### Task to carry out
Without the pictures, copy the entries below word for word.

[Entries taken from a collection]
==============================

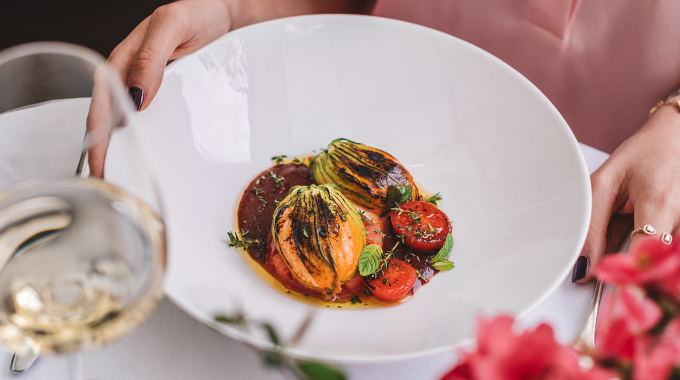 Započnite s tartarom od usoljene losos pastrve — svježim, vibrantnim i punim karaktera, s citrusnim aiolijem i lagano dimljenim vrhnjem koji zaokružuju svaki zalogaj. Ako ste za morske okuse, kremasta rakovica s jabukom i mladim špinatom donosi neočekivano dobar balans, dok će vas vegetarijanske opcije poput confitirane rajčice i punjenog cvijeta tikvice osvojiti svojom jednostavnom, ali moćnom kombinacijom okusa.
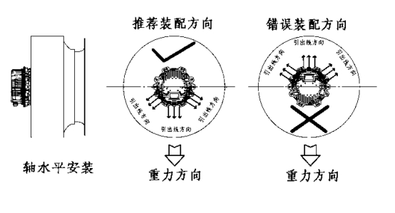 第二有時會面臨軸垂直安裝的形式,這時候就要注意了,風機一般要求定子側朝上,轉子側朝下的安裝形式,有的風機轉子上有滴水孔,如果轉子向上安裝,碰到有冷凝水的情況,水就會進入滴水孔而無法排出,所以轉子要向下安裝,這樣冷凝水才能排出
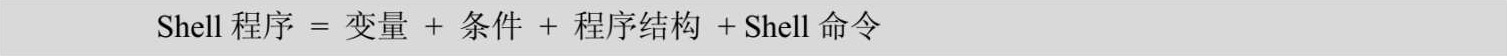 看到这里,读者也许会感叹,Shell程序只不过是将一些Shell命令堆积在一起的代码段。确实如此,Shell程序中的执行主体正是一系列的命令块,加上各种变量、判断条件,以及各种程序控制结构,便可以编写出功能强大的Shell程序。有人甚至这样总结了Shell程序:
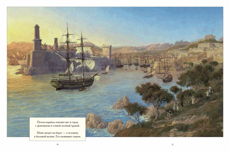 Невероятно красивые панорамные иллюстрации, созданные известным французским художником Лораном Гапайаром, помогают почувствовать себя участником приключений и вместе с жирафой пройти весь путь: отправиться из жаркой африканской саванны в плавание на корабле с алыми парусами, а затем прибыть в Марсель, и уже оттуда пересечь почти всю Францию и появиться перед самим королем!
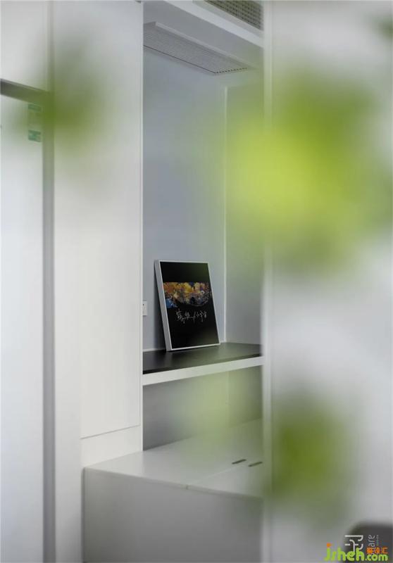 過(guò)道空間的墻面空間做成與衣帽間相鄰的雙面柜,一面為衣帽架的衣柜,一面為雜物柜兼部分展示柜功能。
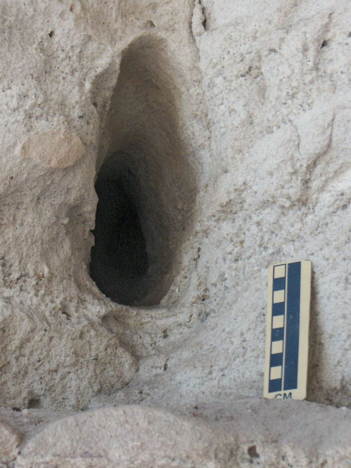 Horizontal solution tube, with cemented rim and loose sand on floor.
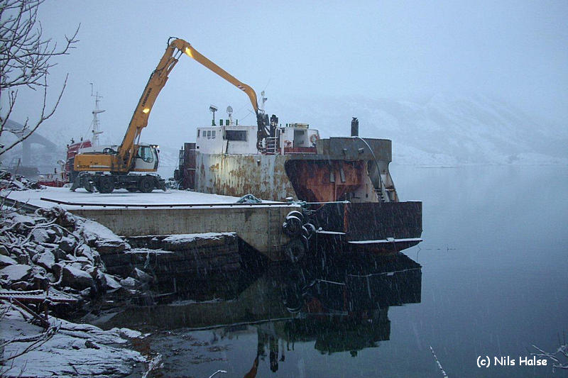 ![]() ![]() Samboer'n ex. Nordmøre bei Fosen Gjenvinning am 12.1.2011: der Abbruch der Fähre hat begonnen Fotos: Nils Halse |
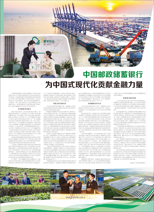 中國郵政儲蓄銀行(簡稱“郵儲銀行”)始終堅決貫徹落實黨中央、國務院決策部署,堅守國有商業銀行的責任使命,以高質量黨建引領高質量發展,推進黨的領導與完善公司治理有機融合,把黨的領導這一政治優勢轉化為公司治理效能。基于自身的資源稟賦優勢,立足服務“三農”、城鄉居民和中小企業的特色定位,郵儲銀行走出一條特色鮮明的大型零售商業銀行發展之路,以特色金融服務全方位助力中國式現代化。 扎實服務鄉村振興 推進中國式現代化,必須全面推進鄉村振興。郵儲銀行堅決把黨中央、國務院關于鄉村振興各項決策部署落實到“三農”金融工作各方面全過程,強化科技賦能、城鄉聯動、內外協同,以“三農”金融數字化轉型為主線,以農村信用體系建設為抓手,以“三農”金融集約化運營為支撐,著力構建“渠道+產品+平臺+運營+風控”全方位“三農”金融數字化發展架構,不斷優化線上線下雙向賦能、有機融合的服務模式,扎實推進服務鄉村振興“十大核心項目”,協同郵政集團圍繞“村社戶企店”深入開展惠農合作項目,打造“三農”金融服務統一品牌,建設服務鄉村振興數字生態銀行,助力建設農業強國、全面推進鄉村振興和實現共同富裕。截至2023年3月末,郵儲銀行涉農貸款余額1.97萬億元;建成信用村38.69萬個,評定信用戶超千萬戶。 在推進鞏固拓展脫貧攻堅成果同鄉村振興有效銜接方面,郵儲銀行嚴格落實“四個不摘”要求,保持主要金融幫扶政策總體穩定,加大對脫貧群體和脫貧地區尤其是國家鄉村振興重點幫扶縣的支持力度。 與此同時,郵儲銀行積極支持農業農村基礎設施建設,圍繞農村基礎設施、農村人居環境改善、農村流通體系建設、公共民生服務等重點領域,創新推出“水務貸”“垃圾處理貸”“光伏貸”等產品,打造全周期金融服務模式。在服務國家糧食安全方面,郵儲銀行把種子、谷物種植等行業列為鼓勵進入類重點行業,把全國優勢農產品區域布局地區和糧食生產大縣作為重點授信區域,著力加大糧食領域信貸投放力度。 為了提升“三農”金融服務質效,郵儲銀行大力推進農村信用體系建設,通過科技賦能傳統線下信用村建設模式,創新推出信用戶貸款,探索農戶普遍授信,為廣大農村客戶精準畫像、主動授信、提供綜合服務。郵儲銀行加強縣支行管理層建設,強化縣域客戶經理等專業隊伍配備,選派優秀干部到鄉村振興一線崗位工作;順應農業農村數字化趨勢,組建數字化轉型聯合團隊,積極培養復合型數字“三農”金融人才。 多措支持實體經濟 為實體經濟服務是金融的天職。郵儲銀行在推動自身高質量發展的同時,把服務實體經濟放在更突出的位置,促進經濟穩定發展。 郵儲銀行積極服務經濟社會發展大局,持續加大對重點領域的支持力度。在支持國家重大基礎設施建設方面,郵儲銀行大力推進基礎設施基金支持項目配套融資,持續加大新基建、新型城鎮化、交通水利、市政基礎設施等重點領域支持力度,為項目建立信用審批綠色通道機制和平行作業機制,全力推動重大項目落地。在支持制造業發展方面,郵儲銀行聚焦重點領域,持續加大對制造業綠色低碳發展、先進制造業、戰略性新興產業、專精特新制造業企業的資金支持,尤其是中長期貸款支持;為制造業企業提供保理等供應鏈金融服務,增強產業鏈供應鏈抗風險能力,助推制造業產業鏈升級和核心技術攻關。 在促進產業鏈供應鏈穩定方面,郵儲銀行圍繞建筑、汽車、工程機械等行業優質企業,量身打造全產業鏈金融服務方案,為產業鏈上下游供應商、經銷商提供金融支持,為小微企業經營周轉提供資金支持;與行業優質企業共同打造供應鏈金融數字生態,依托U鏈供應鏈核心系統,與十余家核心企業平臺實現系統直聯,為疏通產業鏈痛點、堵點保駕護航。 小微企業是經濟發展的生力軍、就業的主渠道、創新的重要源泉。郵儲銀行不斷加大對小微企業的支持力度,強化小微金融敢貸、愿貸、能貸、會貸長效機制,持續加大普惠型小微企業貸款投放力度,推進普惠金融數字化轉型,推動“線上+線下”協同發展,進一步推動小微金融服務增量、擴面。截至2023年3月末,郵儲銀行普惠型小微企業貸款余額1.28萬億元,有貸款余額戶數突破200萬戶。 專精特新及科創企業是中國制造的重要支撐、強鏈補鏈的關鍵所在。郵儲銀行持續提升專精特新及科創企業客群服務能力,打造科創金融服務體系,深化科創金融服務生態圈建設,推出科創企業全生命周期服務方案,持續優化“看未來”評價模型,為客戶提供投商行一體化的金融服務。截至2023年3月末,郵儲銀行服務專精特新及科創企業客戶5.72萬戶。 持續賦能美好生活 讓人民生活幸福是“國之大者”。郵儲銀行充分發揮網絡、資金和專業優勢,全力打造有擔當、有韌性、有溫度的一流大型零售銀行,助力人民生活更幸福更美好。 暖心服務新市民。聚焦新市民支付結算及寄遞等場景需求,郵儲銀行創新推出新市民專屬借記卡“U+卡”,提供多項資費減免優惠,切實降低新市民用卡成本。針對新市民征信信息尚不完善、信貸申請難的問題,郵儲銀行在銀行流水、社保、納稅等基礎上,增加第三方支付流水收入認定客戶還款能力,多維度評估收入能力,幫助新市民做好房貸申請,助力新市民群體實現安居夢。郵儲銀行創新推出新市民專屬小
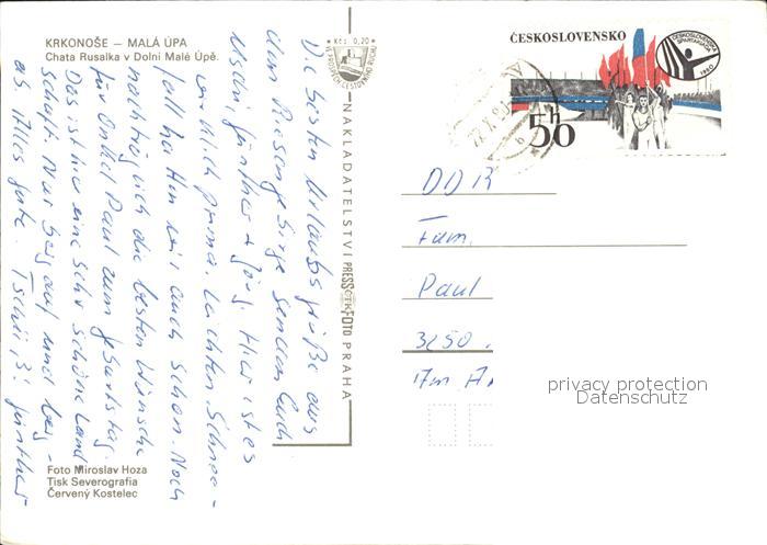old postcard Mala Upa Krkonose Chata Rusalka postalisch gelaufen Erhaltung siehe scans [LiesaD40]

==============================

### Result of this task
 Započnite s tartarom od usoljene losos pastrve — svježim, vibrantnim i punim karaktera, s citrusnim aiolijem i lagano dimljenim vrhnjem koji zaokružuju svaki zalogaj. Ako ste za morske okuse, kremasta rakovica s jabukom i mladim špinatom donosi neočekivano dobar balans, dok će vas vegetarijanske opcije poput confitirane rajčice i punjenog cvijeta tikvice osvojiti svojom jednostavnom, ali moćnom kombinacijom okusa.
 第二有時會面臨軸垂直安裝的形式,這時候就要注意了,風機一般要求定子側朝上,轉子側朝下的安裝形式,有的風機轉子上有滴水孔,如果轉子向上安裝,碰到有冷凝水的情況,水就會進入滴水孔而無法排出,所以轉子要向下安裝,這樣冷凝水才能排出
 看到这里,读者也许会感叹,Shell程序只不过是将一些Shell命令堆积在一起的代码段。确实如此,Shell程序中的执行主体正是一系列的命令块,加上各种变量、判断条件,以及各种程序控制结构,便可以编写出功能强大的Shell程序。有人甚至这样总结了Shell程序:
 Невероятно красивые панорамные иллюстрации, созданные известным французским художником Лораном Гапайаром, помогают почувствовать себя участником приключений и вместе с жирафой пройти весь путь: отправиться из жаркой африканской саванны в плавание на корабле с алыми парусами, а затем прибыть в Марсель, и уже оттуда пересечь почти всю Францию и появиться перед самим королем!
 過(guò)道空間的墻面空間做成與衣帽間相鄰的雙面柜,一面為衣帽架的衣柜,一面為雜物柜兼部分展示柜功能。
 Horizontal solution tube, with cemented rim and loose sand on floor.
 ![]() ![]() Samboer'n ex. Nordmøre bei Fosen Gjenvinning am 12.1.2011: der Abbruch der Fähre hat begonnen Fotos: Nils Halse |
 中國郵政儲蓄銀行(簡稱“郵儲銀行”)始終堅決貫徹落實黨中央、國務院決策部署,堅守國有商業銀行的責任使命,以高質量黨建引領高質量發展,推進黨的領導與完善公司治理有機融合,把黨的領導這一政治優勢轉化為公司治理效能。基于自身的資源稟賦優勢,立足服務“三農”、城鄉居民和中小企業的特色定位,郵儲銀行走出一條特色鮮明的大型零售商業銀行發展之路,以特色金融服務全方位助力中國式現代化。 扎實服務鄉村振興 推進中國式現代化,必須全面推進鄉村振興。郵儲銀行堅決把黨中央、國務院關于鄉村振興各項決策部署落實到“三農”金融工作各方面全過程,強化科技賦能、城鄉聯動、內外協同,以“三農”金融數字化轉型為主線,以農村信用體系建設為抓手,以“三農”金融集約化運營為支撐,著力構建“渠道+產品+平臺+運營+風控”全方位“三農”金融數字化發展架構,不斷優化線上線下雙向賦能、有機融合的服務模式,扎實推進服務鄉村振興“十大核心項目”,協同郵政集團圍繞“村社戶企店”深入開展惠農合作項目,打造“三農”金融服務統一品牌,建設服務鄉村振興數字生態銀行,助力建設農業強國、全面推進鄉村振興和實現共同富裕。截至2023年3月末,郵儲銀行涉農貸款余額1.97萬億元;建成信用村38.69萬個,評定信用戶超千萬戶。 在推進鞏固拓展脫貧攻堅成果同鄉村振興有效銜接方面,郵儲銀行嚴格落實“四個不摘”要求,保持主要金融幫扶政策總體穩定,加大對脫貧群體和脫貧地區尤其是國家鄉村振興重點幫扶縣的支持力度。 與此同時,郵儲銀行積極支持農業農村基礎設施建設,圍繞農村基礎設施、農村人居環境改善、農村流通體系建設、公共民生服務等重點領域,創新推出“水務貸”“垃圾處理貸”“光伏貸”等產品,打造全周期金融服務模式。在服務國家糧食安全方面,郵儲銀行把種子、谷物種植等行業列為鼓勵進入類重點行業,把全國優勢農產品區域布局地區和糧食生產大縣作為重點授信區域,著力加大糧食領域信貸投放力度。 為了提升“三農”金融服務質效,郵儲銀行大力推進農村信用體系建設,通過科技賦能傳統線下信用村建設模式,創新推出信用戶貸款,探索農戶普遍授信,為廣大農村客戶精準畫像、主動授信、提供綜合服務。郵儲銀行加強縣支行管理層建設,強化縣域客戶經理等專業隊伍配備,選派優秀干部到鄉村振興一線崗位工作;順應農業農村數字化趨勢,組建數字化轉型聯合團隊,積極培養復合型數字“三農”金融人才。 多措支持實體經濟 為實體經濟服務是金融的天職。郵儲銀行在推動自身高質量發展的同時,把服務實體經濟放在更突出的位置,促進經濟穩定發展。 郵儲銀行積極服務經濟社會發展大局,持續加大對重點領域的支持力度。在支持國家重大基礎設施建設方面,郵儲銀行大力推進基礎設施基金支持項目配套融資,持續加大新基建、新型城鎮化、交通水利、市政基礎設施等重點領域支持力度,為項目建立信用審批綠色通道機制和平行作業機制,全力推動重大項目落地。在支持制造業發展方面,郵儲銀行聚焦重點領域,持續加大對制造業綠色低碳發展、先進制造業、戰略性新興產業、專精特新制造業企業的資金支持,尤其是中長期貸款支持;為制造業企業提供保理等供應鏈金融服務,增強產業鏈供應鏈抗風險能力,助推制造業產業鏈升級和核心技術攻關。 在促進產業鏈供應鏈穩定方面,郵儲銀行圍繞建筑、汽車、工程機械等行業優質企業,量身打造全產業鏈金融服務方案,為產業鏈上下游供應商、經銷商提供金融支持,為小微企業經營周轉提供資金支持;與行業優質企業共同打造供應鏈金融數字生態,依托U鏈供應鏈核心系統,與十余家核心企業平臺實現系統直聯,為疏通產業鏈痛點、堵點保駕護航。 小微企業是經濟發展的生力軍、就業的主渠道、創新的重要源泉。郵儲銀行不斷加大對小微企業的支持力度,強化小微金融敢貸、愿貸、能貸、會貸長效機制,持續加大普惠型小微企業貸款投放力度,推進普惠金融數字化轉型,推動“線上+線下”協同發展,進一步推動小微金融服務增量、擴面。截至2023年3月末,郵儲銀行普惠型小微企業貸款余額1.28萬億元,有貸款余額戶數突破200萬戶。 專精特新及科創企業是中國制造的重要支撐、強鏈補鏈的關鍵所在。郵儲銀行持續提升專精特新及科創企業客群服務能力,打造科創金融服務體系,深化科創金融服務生態圈建設,推出科創企業全生命周期服務方案,持續優化“看未來”評價模型,為客戶提供投商行一體化的金融服務。截至2023年3月末,郵儲銀行服務專精特新及科創企業客戶5.72萬戶。 持續賦能美好生活 讓人民生活幸福是“國之大者”。郵儲銀行充分發揮網絡、資金和專業優勢,全力打造有擔當、有韌性、有溫度的一流大型零售銀行,助力人民生活更幸福更美好。 暖心服務新市民。聚焦新市民支付結算及寄遞等場景需求,郵儲銀行創新推出新市民專屬借記卡“U+卡”,提供多項資費減免優惠,切實降低新市民用卡成本。針對新市民征信信息尚不完善、信貸申請難的問題,郵儲銀行在銀行流水、社保、納稅等基礎上,增加第三方支付流水收入認定客戶還款能力,多維度評估收入能力,幫助新市民做好房貸申請,助力新市民群體實現安居夢。郵儲銀行創新推出新市民專屬小
old postcard Mala Upa Krkonose Chata Rusalka postalisch gelaufen Erhaltung siehe scans [LiesaD40]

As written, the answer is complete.